I routinely hear this argument -- no need to worry about the slippery slope, or about this or that Presidential candidate, or whether the Second Amendment is read as protecting the right to bear arms. Given how much Americans love guns, only a paranoid would worry about guns being banned. The only things that are really on the table, or likely to get on the table, are some modest regulations. A few thoughts in response.
1. Calls for total bans on handguns or all guns: It doesn't take a paranoid, it seems to me, to worry about gun bans when many leading politicians, news outlets, and other institutions have called for such bans. See here for a list (which is not intended to be complete). Recall also that one American jurisdiction (D.C.) does make it illegal for you to keep any gun ready for self-defense, even in your own home. (The D.C. Circuit decision striking down that ban on Second Amendment grounds hasn't yet taken effect.) Chicago and some neighboring cities ban handguns; New York, I'm told, makes handguns quite hard to get.

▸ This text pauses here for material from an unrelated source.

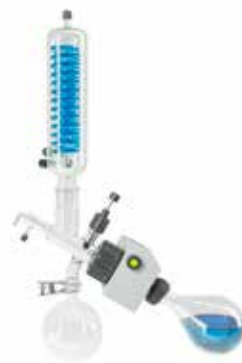
S型コンデンサー 全環流型 P+G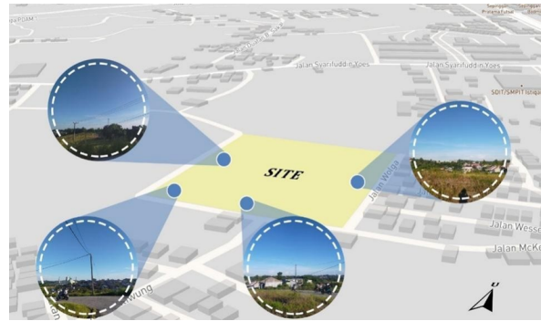
Gambar 1. View Area Sekitar Tapak

Penderita gangguan kejiwaan umumnya menghadapi kesulitan dalam bersosialisasi dengan orang lain. Bahkan setelah sembuh penderita tetap akan kesulitan bersosialisasi karena merasa terisolasi dari orang sekitar. Terapi kelompok dilakukan untuk membantu pasien mengatasi hal tersebut. Terapi kelompok membuat pasien dapat saling memberi dukungan, bantuan hingga solusi mengenai permasalahan yang dialami. Terapi kelompok juga dapat membantu pasien lebih mudah mengekspresikan diri serta menyampaikan pendapat.

2. Worrying about fellow citizens' rights: It's true that the overwhelming majority of gun owners, and of gun rights supporters, live in jurisdictions in which it's unlikely that gun bans or handgun bans will be enacted any time soon. But so what? California abortion rights supporters worry about Louisiana women's access to abortions, not just about their own. You wouldn't tell them, "look, you live in California, why do you care about constitutional protection about abortion rights," because people who see something as a basic human right tend to worry about their fellow citizens' access to that right, and not just about their own. Why then assume that American gun rights supporters are purely in it for their own self-interest?
3. Looking down the road at possible future proposals: Gun rights supporters, like abortion rights supporters, free speech supporters, and supporters of other rights, also sensibly try to think ahead, not just to next year but also some decades down the line.
Take, for instance, bans on semiautomatic weapons (not fully automatic weapons or even so-called "assault weapons," but all semiautomatic weapons). Barack Obama is on the record as endorsing a total ban on "the sale or transfer of all forms of semi-automatic weapons." Now this would cover the majority of all handguns now being manufactured, as well as many rifles and quite a few shotguns. But I acknowledge that by itself it won't dramatically restrict people's ability to defend themselves, because revolvers (for handguns), bolt-action rifles, and pump-action shotguns would still be legal, and would be pretty much as effective for self-defense as semiautomatics.
Yet what would happen after this ban is enacted? To the extent the ban would have any effect on criminals, it would lead them to shift to revolvers, bolt-action rifles, and pump-action shotguns. Crime using those kinds of weapons would thus go up.
What do you expect a President Obama and others who take his view to do? Just say "Well, we were for a ban of semi-automatic weapons, and that's all we were for; though now more gun crime is being committed with non-semi-automatic weapons, we're not going to touch them"? Or would it be likelier that they'll start talking about "closing the revolver loophole," or banning "assault revolvers," or dealing with the "skyrocketing revolver crime rate"?
It doesn't take a paranoid to assume that the pro-gun-control forces would take the latter course -- and might succeed in that course, at least in many jurisdictions. It may take some years for that to happen. But people who care strongly about what they see as an important right want to preserve it not just for now, but for decades to come, not just for themselves, but also for their children.
So I wouldn't condemn those who worry about broad gun bans as paranoid, just as I wouldn't condemn those who worry about broad abortion bans as paranoid. When lots of people keep talking about banning guns, when some cities have banned handguns, and one has banned possession of any guns in a state in which they can be immediately used for self-defense, and when a leading Presidential candidate is on the record as supporting a ban on all semiautomatic guns, being worried about gun bans -- not for the whole country today, but for some of your fellow citizens today, and perhaps for many more in a few decades -- is perfectly reasonable.
Thanks to Cory Hojka for the pointer to Obama's opinion on semi-automatic weapons.